PROBLEM DESCRIPTION: A faithful transcript of all the lines below, with no pictures, is the goal here.

PROVIDED DATA:
***
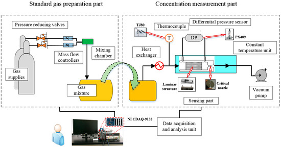 A schematic of the constructed experimental apparatus is shown in Figure 4. The system consists of a standard gas preparation part and a concentration detection part.
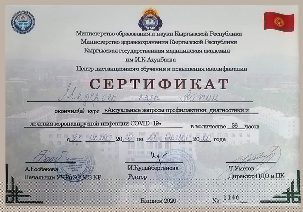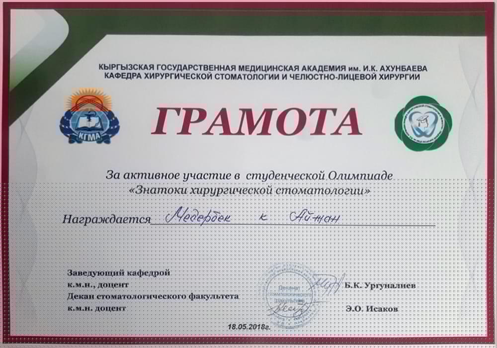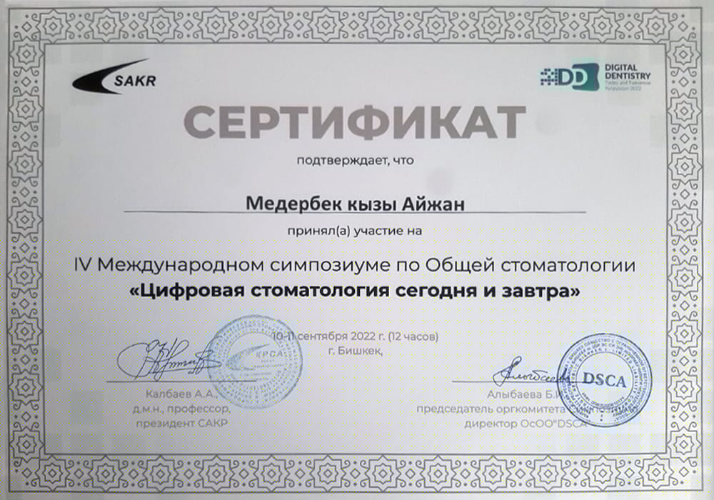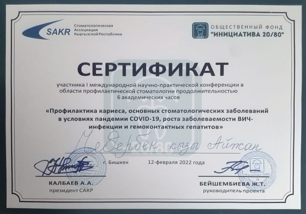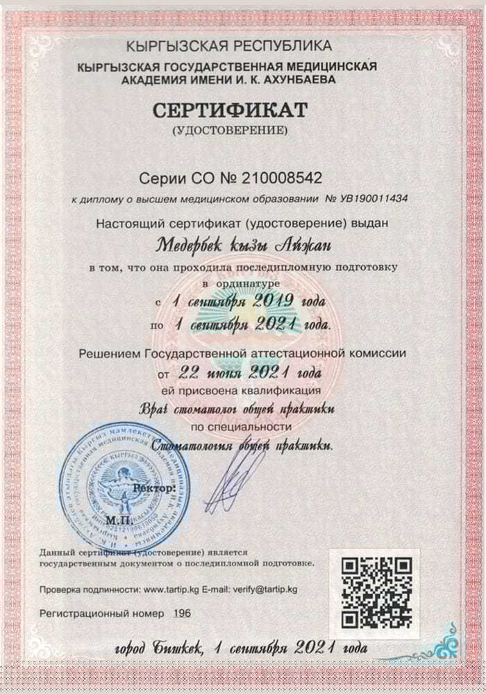 2021 г.- Ординатура в Кыргызской государственноймедицинской академии имени И.К. Ахунбаева, по специальности врач-стоматолог общей практики.
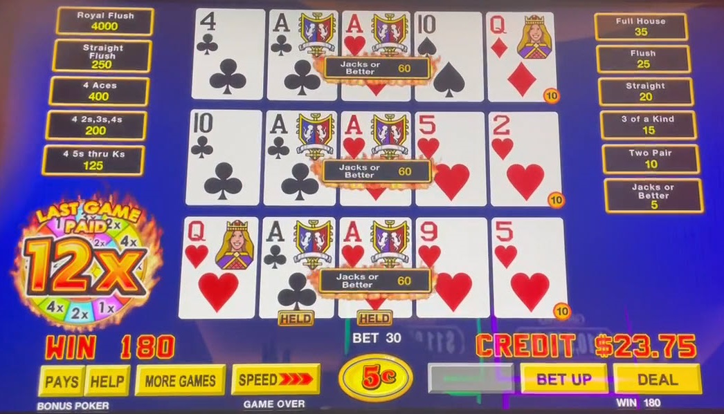 Nenhuma das mãos melhorou. Com três vitórias de 5 para o par alto e um multiplicador de 12x, meu ganho total foi de 5×3×12 = 180 créditos.
***
RESULT FOR THIS EXERCISE:
 A schematic of the constructed experimental apparatus is shown in Figure 4. The system consists of a standard gas preparation part and a concentration detection part.
 2021 г.- Ординатура в Кыргызской государственноймедицинской академии имени И.К. Ахунбаева, по специальности врач-стоматолог общей практики.
 Nenhuma das mãos melhorou. Com três vitórias de 5 para o par alto e um multiplicador de 12x, meu ganho total foi de 5×3×12 = 180 créditos.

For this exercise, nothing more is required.